Asier Gil, researcher and professor of Audiovisual Communication at the Carlos III University
"The series has a very careful staging that knows how to work well with the iconography and helps reinforce the evolution of the characters.
There are numerous details that may go unnoticed on a first viewing, but which invite a
more attentive second viewing, such as the "Easter
eggs
" that the public must find; a very common practice within video games," explains
Asier Gil
, researcher and professor of Audiovisual Communication at the Carlos III University of Madrid. "Also, in a more classic sense, there are episodes that use Hitchcock's tools of suspense to emotionally engage viewers."

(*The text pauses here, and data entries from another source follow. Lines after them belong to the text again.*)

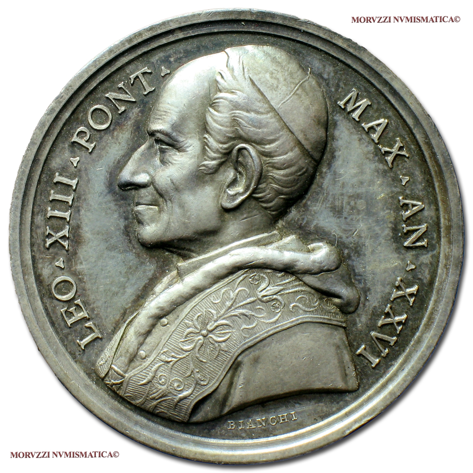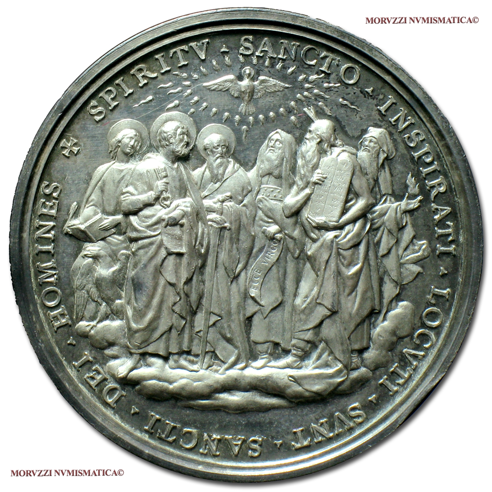 Stato Pontificio, LEONE XIII, Pecci, 1878-1903, MEDAGLIA ANNUALE IN ARGENTO, Commissione per gli studi biblici, Emissione: AN XXVI (1903), D/ LEO • XIII • PONT • MAX • AN • XXVI, busto con mozzetta, berretto e stola a s.; BIANCHI sotto, R/ + SPIRITV • SANCTO • INSPIRATI • LOCVTI • SVNT • SANCTI • DEI • HOMINES, sei Santi sulle nubi radiati dalla colomba dello Spirito Santo, Opus Francesco Bianchi, Rif. bibl. Bart., E903; Metallo: AR, gr. 36,09, (MP125442), Diam.: mm. 43,50, qFDC, (NC)
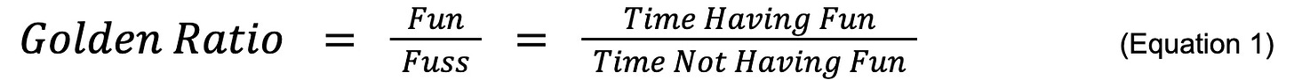 My fellow minimalist ultralight travelers, The Golden Ratio is easy to pack and use for all your adventures. It weighs nothing, is simple in form, and can be applied to all kinds of things whether they be small daily outings, sightseeing tours, special events, long epic adventures, or even entire vacations themselves. Its versatility ranges from the most mundane domestic activities to far-flung international travel destinations across the globe. Quite simply, the fun-to-fuss factor can make or break a trip.
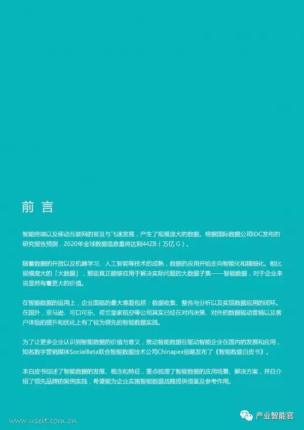 为了让更多企业认识到智能数据的价值与意义,推动智能数据驱动智能企业在国内的发展和应用,知名数字营销媒体 SocialBeta 发布了《智能数据如何高效驱动营销——智能数据白皮书》(以下简称「白皮书」)。
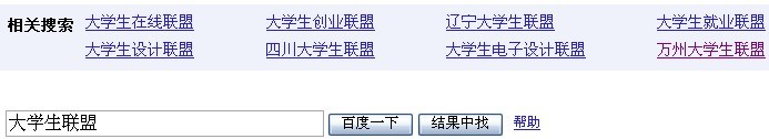 就前天的时候我在百度里搜“大学生联盟”,我的网站竟然排在百度首页了,对于这个比较热门的关键词能排首页我感到非常高兴。可是好景不长,才两三天我再搜“大学生联盟”,我的网站别说百度首页,不知道掉在哪后面去了,翻了半天都没有翻到。只是在下面的相关搜索里面还是有个“万州大学生联盟”(如下图),真是让我大喜大悲!

For many experts in the audiovisual field,
Breaking Bad
is one of those cult series that no one can miss. It has been included in books such as
100
series to watch before you die
. Others, like Gil, question the validity of the term in this case. "
Breaking Bad
does not fully fit the idea of cult media products for one simple reason: since its inception it enjoyed good acceptance by the public and critics, at least in the US. In general,
it is usually thought that something is cult when at first it does not work well, but a certain minority makes it their own
and gives it a new value, even decades after its release, as has happened with the movie
Showgirls
.
Breaking Bad
has not strictly followed a process of revaluation, but it has that has that effect whereby people have made it their own and it has a very strong and loyal community of fans," he says.

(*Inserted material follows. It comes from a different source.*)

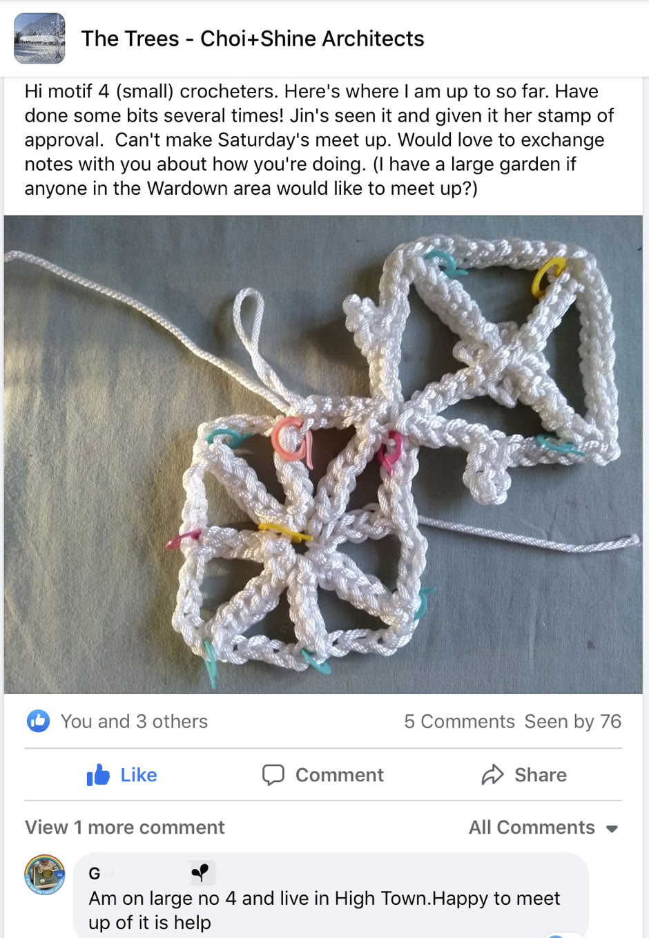 Some great friendships have been set up. Crochet becomes slightly addictive and it is so hard to walk into Hobbycraft and not look at yarn and patterns”.

Mugs with the periodic table, prints with the silhouette of Walter White and his
alter ego
,
Los Pollos Hermanos
t-shirts and badges with iconic phrases from Jesse Pinkman. A tourist route through the scenes of the series in which people can throw pizzas to the roof of the White house. Yes,
the fan phenomenon generated around
Breaking Bad
has continued over time
, engaging a new generation of viewers who discovered it during confinement while diving into the Netflix catalog five years after its conclusion. "Today it is still considered a very good series by the Spanish public, despite being a product very anchored in North American culture. Although a critical phenomenon persists that compares it with
The Sopranos
or
The Wire
, works generally considered superior, it has not lost its image of quality," says Toledo. In Spain, Heisenberg seems to be as alive as in his native Albuquerque.

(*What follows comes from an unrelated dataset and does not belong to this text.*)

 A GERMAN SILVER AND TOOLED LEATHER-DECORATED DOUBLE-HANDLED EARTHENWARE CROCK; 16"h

"I wouldn't be able to assess to what extent the Spanish fan community is similar or different from others, but I think that the
Breaking Bad
phenomenon is quite transnational, especially among young men," says Gil. "I am convinced that, if an exhibition similar to the one that took place on
Friends
a few years ago in Madrid was held, it would be very successful. It is one of those series whose fame makes people of all kinds who did not see it at the time become aware of it. that it exists and that you can see it on platforms.
It's almost a classic
."
In 2024, it will be five years since
El Camino
, the Netflix feature film about the life journey of fugitive Jesse Pinkman once freed from the yoke of Walter White. It is also a decade since the premiere of
Metastasis
, the unknown Colombian
remake
of the series that was marketed in Latin American countries with a lower cable television culture. Except for the locations, which replace the New Mexico settings with those of Colombia, the different aspects of the adaptation recreate the work of Vince Gilligan in an almost parodic way: from the name of the characters -Walter Blanco, Cielo Blanco, José Miguel Rosas, Gustavo Cortés- to some memorable scenes.
The Breaking Bad
universe does not end there : in 2015, the
spin-off
Better Call Saul
arrived on Movistar+ and Netflix
, a new Gilligan project focused on the small-time lawyer Saul Goodman. It works as a prequel and sequel to the events narrated in the mother series and, for Toledo, it is even better than
Breaking Bad
. "Gilligan and Gould's technique seems much more polished, and the character of
Jimmy McGill is possibly the most profound and charismatic in the entire universe
. If we add to this an excellent supporting cast, legal plots that can make you blush to those of the cartel in terms of brutality, and rich dynamics between its characters, we have the recipe for a masterpiece," he concludes.